Work to be completed: Everything in the data below is left aside except the lines from the one containing "Az ultrák újabb" through the one containing "デザイン、プロポーション | RGフォーマットにより、劇中機体のフォルムを精密に再現。"; repeat those exactly.

Information provided:
:::::
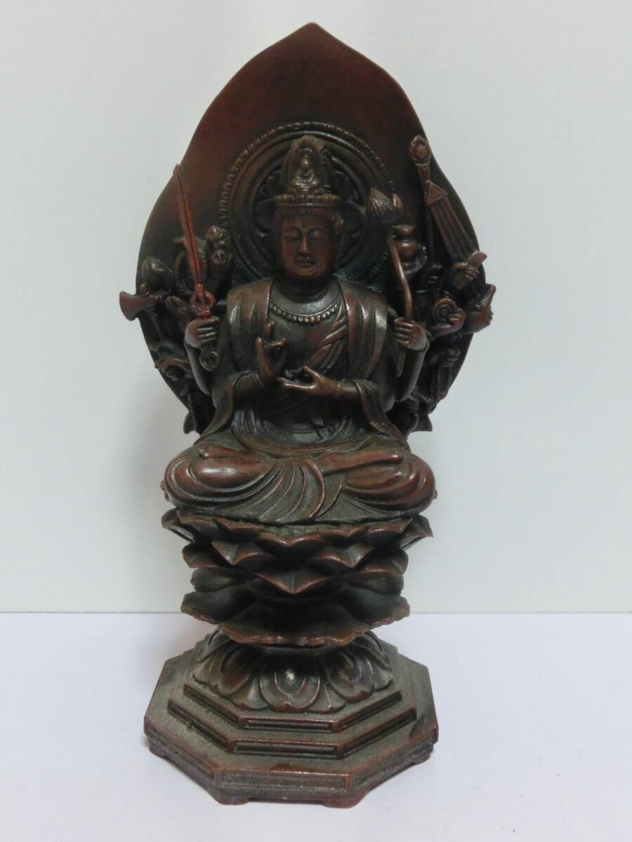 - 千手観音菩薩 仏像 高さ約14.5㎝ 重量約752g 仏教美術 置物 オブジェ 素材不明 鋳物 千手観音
:::::
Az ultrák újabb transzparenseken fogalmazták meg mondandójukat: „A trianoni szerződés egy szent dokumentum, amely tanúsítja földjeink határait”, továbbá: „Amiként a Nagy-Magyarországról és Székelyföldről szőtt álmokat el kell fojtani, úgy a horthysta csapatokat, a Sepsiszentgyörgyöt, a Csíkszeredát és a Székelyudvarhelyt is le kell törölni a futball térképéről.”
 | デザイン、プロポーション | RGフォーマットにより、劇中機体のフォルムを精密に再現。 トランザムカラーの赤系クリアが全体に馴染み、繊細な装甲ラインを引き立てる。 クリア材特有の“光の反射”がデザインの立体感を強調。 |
:::::
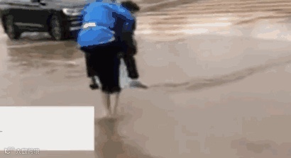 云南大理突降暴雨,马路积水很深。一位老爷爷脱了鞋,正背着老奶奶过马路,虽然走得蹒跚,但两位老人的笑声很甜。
:::::
Finished task:
Az ultrák újabb transzparenseken fogalmazták meg mondandójukat: „A trianoni szerződés egy szent dokumentum, amely tanúsítja földjeink határait”, továbbá: „Amiként a Nagy-Magyarországról és Székelyföldről szőtt álmokat el kell fojtani, úgy a horthysta csapatokat, a Sepsiszentgyörgyöt, a Csíkszeredát és a Székelyudvarhelyt is le kell törölni a futball térképéről.”
 | デザイン、プロポーション | RGフォーマットにより、劇中機体のフォルムを精密に再現。 トランザムカラーの赤系クリアが全体に馴染み、繊細な装甲ラインを引き立てる。 クリア材特有の“光の反射”がデザインの立体感を強調。 |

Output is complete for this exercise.